後方からでもアルトリウスの活躍を余すこと無く眺めることが出来たので、その成果か兵士達の動きは鋭く、非常に正確になっている。
「急ぐのである!」
今日もう何度目か分からないほど掛けた言葉であるが、アルトリウスの檄に兵士達が口々に応える。
アルトリウスの計画を上手く発動させるには、何はともあれ海賊達を砦に引付けなければならない。
途中で海賊達の足が鈍るような事があってはならないのだ。
しかし引き連れてきた荷馬車や荷車が1台でも捕まってしまえばこの計画は破綻する可能性がある。
今の所姿が見えるほどにまで追い付かれては居ないが、この調子で進めばギリギリ砦に到着する寸前ぐらいに海賊達が追いすがってくるだろう。
一戦交えるならば、アルトリウスに策がある。
それなりに犠牲も出るだろうが、この道無き道の中でも更に険しい隘路で待ち伏せて迎撃してしまえば良いのだ。
如何に相手が海賊達の船団で、自分達の100名に対して10倍以上の数が居るとしても特段怖いことは無い。
しかし税銀という重荷を背負ったことになっている以上、アルトリウスにはどうしても砦に敵を引付ける必要があるのだ。

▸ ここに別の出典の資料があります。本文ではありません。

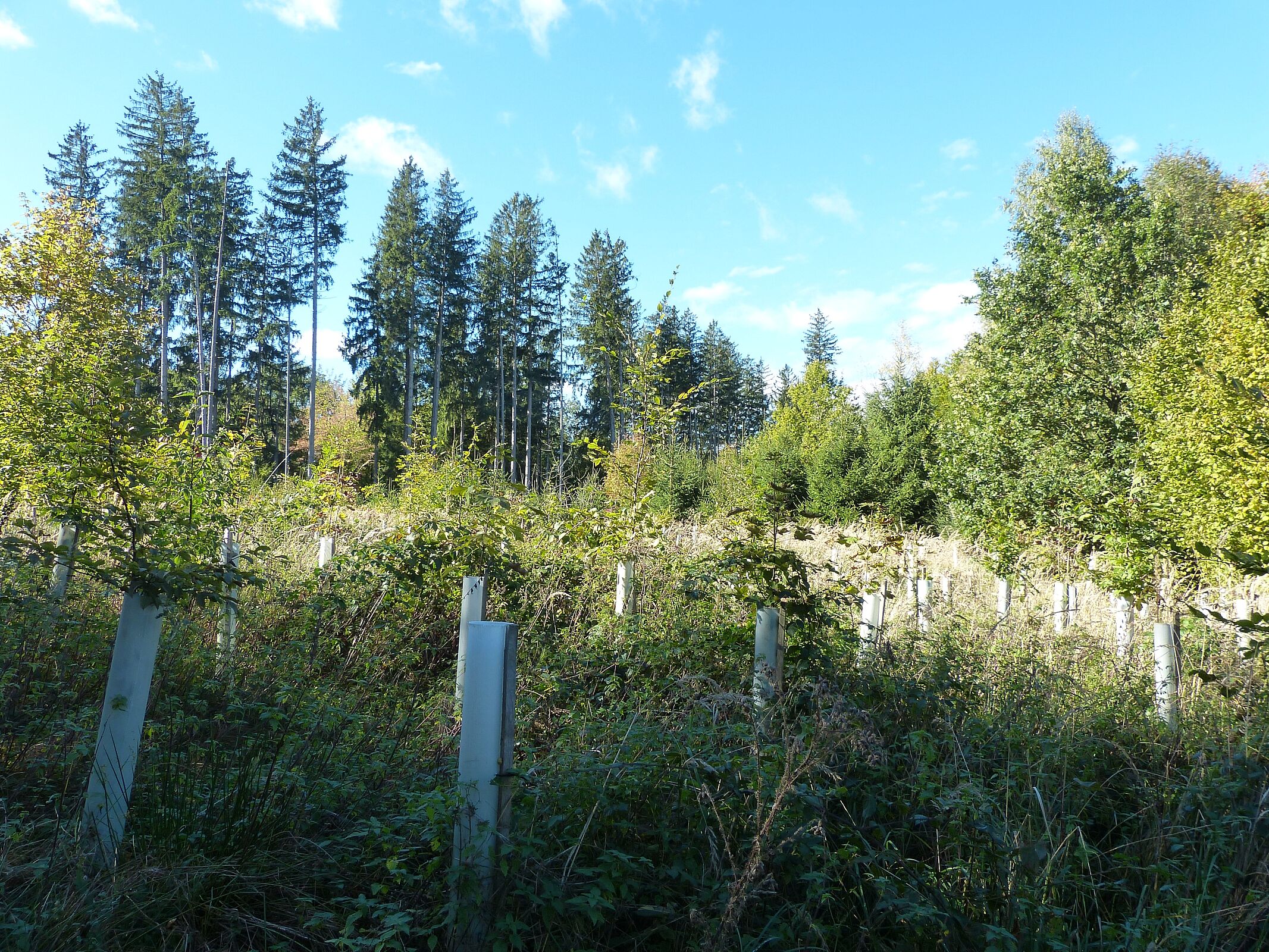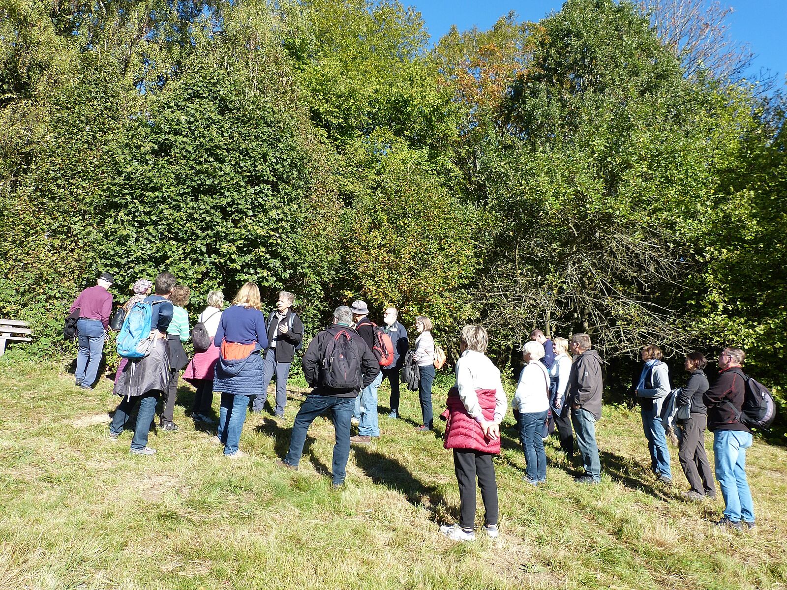 Bei der gut besuchten Führung am Parsberg wies Hans-Jürgen Gulder auf die bereits massiven Temperaturerhöhungen- und Niederschlagsdefizite hin, die sich seit einigen Jahren auch auf Holzbach und Germeringer See mit Trockenfallen bzw. niedrigen Pegelständen auswirken. Die früheren Fichtenreinbestände am Parsberg wurden bereits bei den Stürmen Vivian und Wiebke 1990 stark dezimiert, aber auch der Borkenkäfer tat sein Übriges dazu. Zwar forsteten die meisten Waldbesitzer fleißig mit überwiegend Laubmischwäldern auf, doch dauert es noch Jahrzehnte, bis ein geschlossener Waldgürtel entsteht, der seine Funktion als Wasserspeicher, Frischluftlieferant für Germering und Feinstaubfilter wieder vollumfänglich einnehmen kann. Bei einem kleinen, eingezäunten Bereich mit Tannen und fünf Laubbaumarten, die aus Naturverjüngung entstanden sind, konnte deutlich gemacht werden, wie auf Flächen, zu denen das Rehwild keinen Zugang hat, eine artenreiche Waldverjüngung von alleine und völlig kostenlos entsteht.
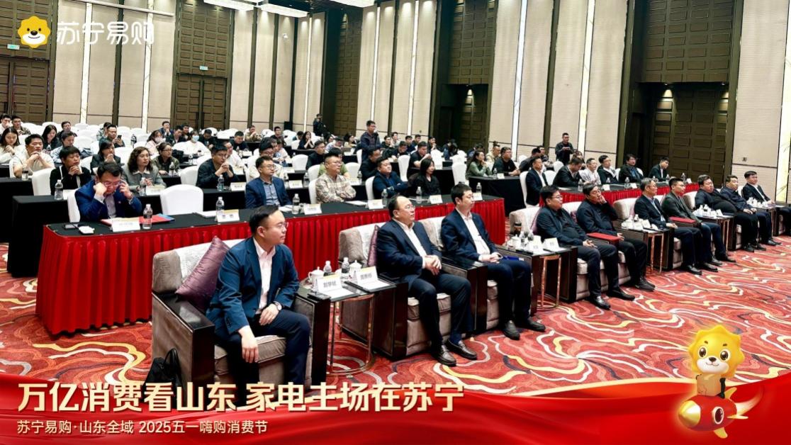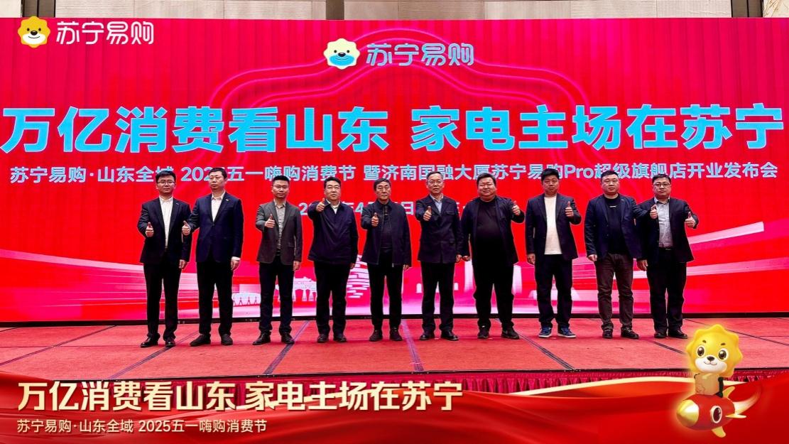 4月15日下午,苏宁易购山东全域2025年“五一嗨购消费节”启动仪式隆重举行。山东省商务厅、市政府、行业协会领导及苏宁易购集团高层共同出席。
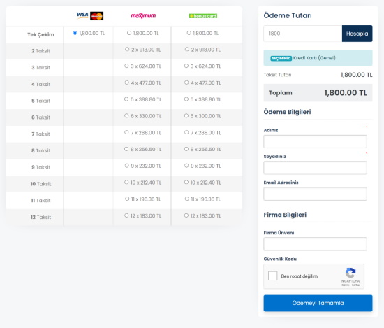 - Site ve ödeme modüllerini ayırabilirsiniz. Böylece ana sitede farklı, tahsilat ekranında ayrı banka ve vade oranları sunabilirsiniz.
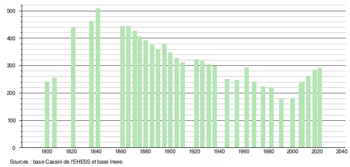 L'évolution du nombre d'habitants est connue à travers les recensements de la population effectués dans la commune depuis 1800. Pour les communes de moins de 10 000 habitants, une enquête de recensement portant sur toute la population est réalisée tous les cinq ans, les populations légales des années intermédiaires étant quant à elles estimées par interpolation ou extrapolation[16]. Pour la commune, le premier recensement exhaustif entrant dans le cadre du nouveau dispositif a été réalisé en 2007[17].
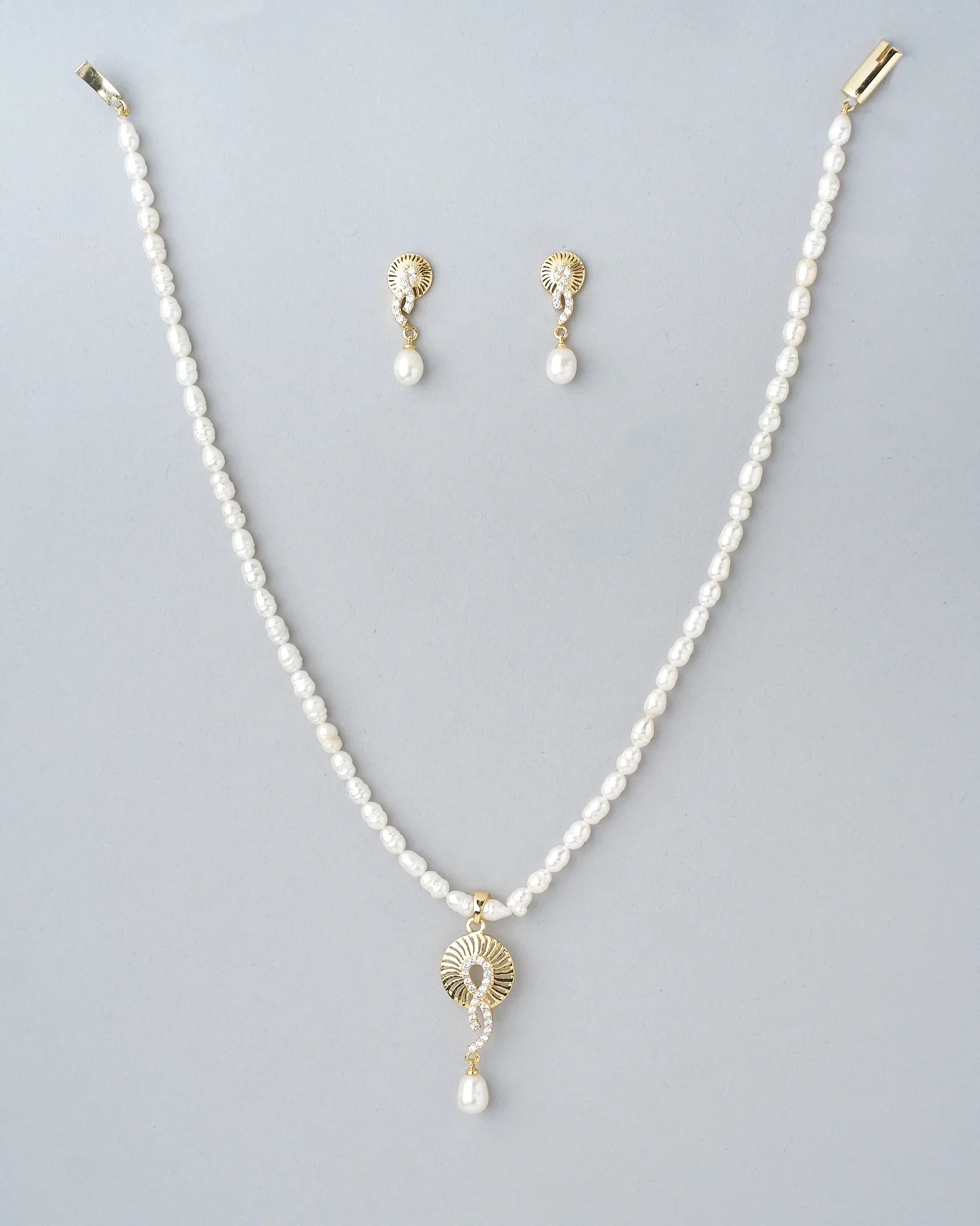 Timelessly beautiful and gorgeously detailed this pearl and CZ stone set makes every moment feel special
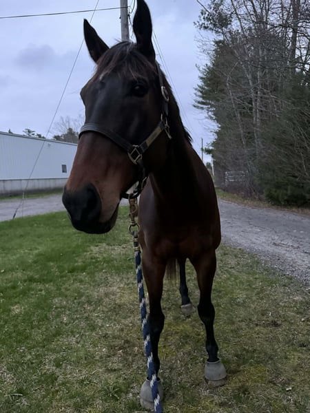 "AVAILABLE ON ONLINE HORSE AUCTION AT www DOT PlatinumEquineAuction DOT com BIDDING OPEN NOW thru SUNDAY | MAY 10TH! *Final price will be determined on auction site* CONSIGNOR CONTACT INFO: Kayla Whittier 401-835-5354 LOCATION: Plympton, MA 17.2h | 6-Year-Old | Warmblood Cross Gelding Shown in the hunter ring with success, but truly built for the jumper ring — this talented gelding is ready to take you up the levels. Highlights: • Successfully shown in hunters — brings valuable mileage and ring confidence • Naturally suited for jumpers with scope, stride, and athleticism • Currently jumping 3’3” with ease • Big, ground-covering stride and forward rhythm for jumper tracks • Careful over fences with a ton of scope Temperament & Manners: • Super sweet, kind personality — easy to have in the barn • Stands quietly for tacking, mounting, and grooming • Excellent ground manners — respectful and easy to handle Easy to Work With: • Loads and trailers well — ships quietly • Stands tied patiently • Great for the farrier — no fuss • Good for vet — straightforward and cooperative • No known vices This gelding offers the best of both worlds — hunter experience with jumper talent. A fantastic opportunity for someone looking for a competitive partner with a solid foundation and a bright future.
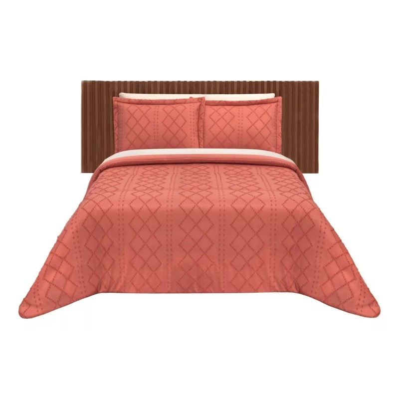 El modelo Cerdeña destaca por sus detalles únicos y su reversibilidad, lo que te permite cambiar el aspecto de tu habitación con solo voltear el edredón, ya que una de las vistas cuenta con rombos en relieve y la otra vista es lisa. Además, incluye 2 fundas de almohadas a juego para completar el look.
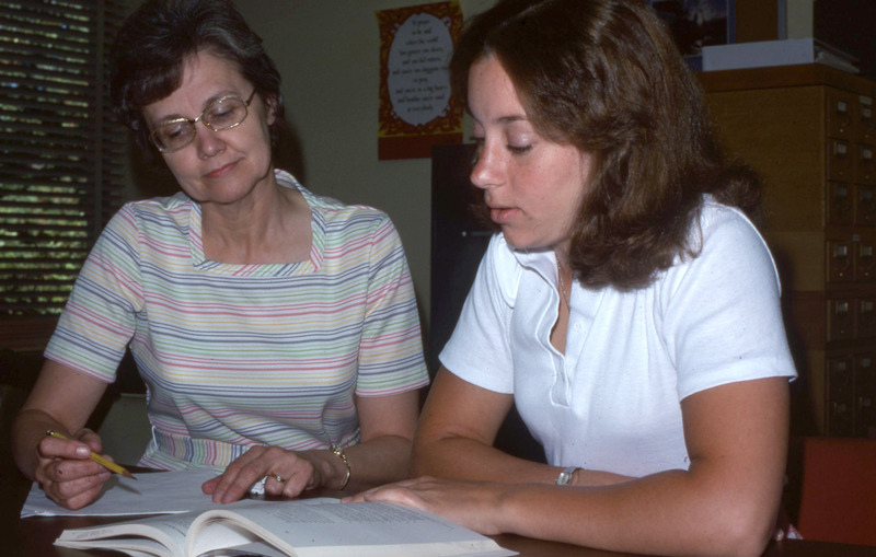 A Pacific University librarian (possibly Mary Ann Mellbye?) assisting a young woman, probably a Pacific University student, with a book in Scott Library in July, 1978. This is one of a set of photographs that appears to have been posed in order to demonstrate the range of work that was taking place in the library.
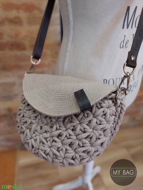 Horgolt női crossbody táska - Jázmin mintával - HOMOK
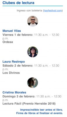 Manuel Vivas, Laura Restrepo y Cristina Morales acompañarán en los Clubes de lecturas, estos permitirán el ingreso de las personas que tengan las boletas. Es imprescindible leer el libro con anterioridad.
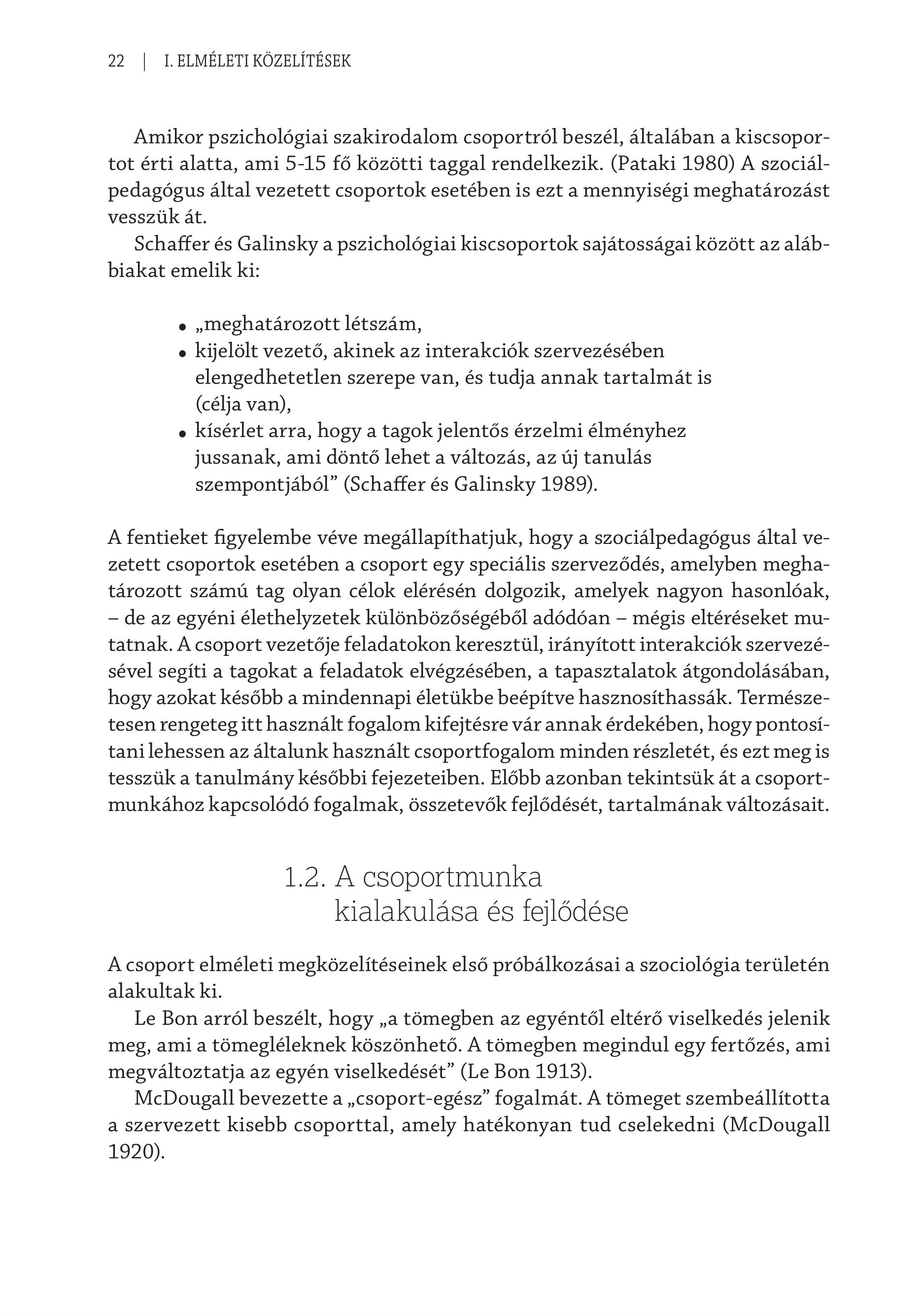 22 | I. ELMÉLETI KÔZELÎTÉSEK Amikor pszichológiai szakirodalom csoportról beszél, általában a kiscsoportot érti alatta, ami 5-15 fő közötti taggal rendelkezik. (Pataki 1980) A szociálpedagógus által vezetett csoportok esetében is ezt a mennyiségi meghatározást vesszük át. Schaffer és Galinsky a pszichológiai kiscsoportok sajátosságai között az alábbiakat emelik ki: e , meghatározott létszám, e kijelölt vezető, akinek az interakciók szervezésében elengedhetetlen szerepe van, és tudja annak tartalmát is (célja van), e kísérlet arra, hogy a tagok jelentős érzelmi élményhez jussanak, ami döntő lehet a változás, az új tanulás szempontjából" (Schaffer és Galinsky 1989). A fentieket figyelembe véve megállapíthatjuk, hogy a szociálpedagógus által vezetett csoportok esetében a csoport egy speciális szerveződés, amelyben meghatározott számú tag olyan célok elérésén dolgozik, amelyek nagyon hasonlóak, -— de az egyéni élethelyzetek különbözőségéből adódóan - mégis eltéréseket mutatnak. A csoport vezetője feladatokon keresztül, irányított interakciók szervezésével segíti a tagokat a feladatok elvégzésében, a tapasztalatok átgondolásában, hogy azokat később a mindennapi életükbe beépítve hasznosíthassák. Természetesen rengetegitt használt fogalom kifejtésre vár annak érdekében, hogy pontosítani lehessen az általunk használt csoportfogalom minden részletét, és eztmegis tesszük a tanulmány későbbi fejezeteiben. Előbb azonban tekintsük át a csoportmunkához kapcsolódó fogalmak, összetevők fejlődését, tartalmának változásait. 1.2. A csoportmunka kialakulása és fejlődése A csoport elméleti megközelítéseinek első próbálkozásai a szociológia területén alakultak ki. Le Bon arról beszélt, hogy ,a tömegben az egyéntől eltérő viselkedés jelenik meg, ami a tömegléleknek köszönhető. A tömegben megindul egy fertőzés, ami megváltoztatja az egyén viselkedését" (Le Bon 1913). McDougall bevezette a , csoport-egész" fogalmát. A tömeget szembeállította a szervezett kisebb csoporttal, amely hatékonyan tud cselekedni (McDougall 1920).

もちろん砦で迎撃した方が敵により大きな痛手を与えられるという理由もある。
海賊達も砦が新たに造営されていることぐらいは知っているだろうが、良くも悪くもそれ以上の情報は無いはず。
最新鋭の投射兵器や、規定より遥かに多く設けられている弩砲や弩弓の事は知らないだろうし、それを率いているのがアルトリウスであることも、海賊にとっては無用の情報である上に、そもそもが伝わっていないだろう。
南方の勝利者の功績を知り、配備されている兵器や兵士達の情報を知れば海賊達も攻め方を少し考えたかも知れないが、アルトリウスが持ち込んだ税銀の魅力を失わしめるような情報は、そもそも存在しないにせよ彼らは得ていないのだ。
「急げである!」
アルトリウスの絶叫が原野に再度響いた。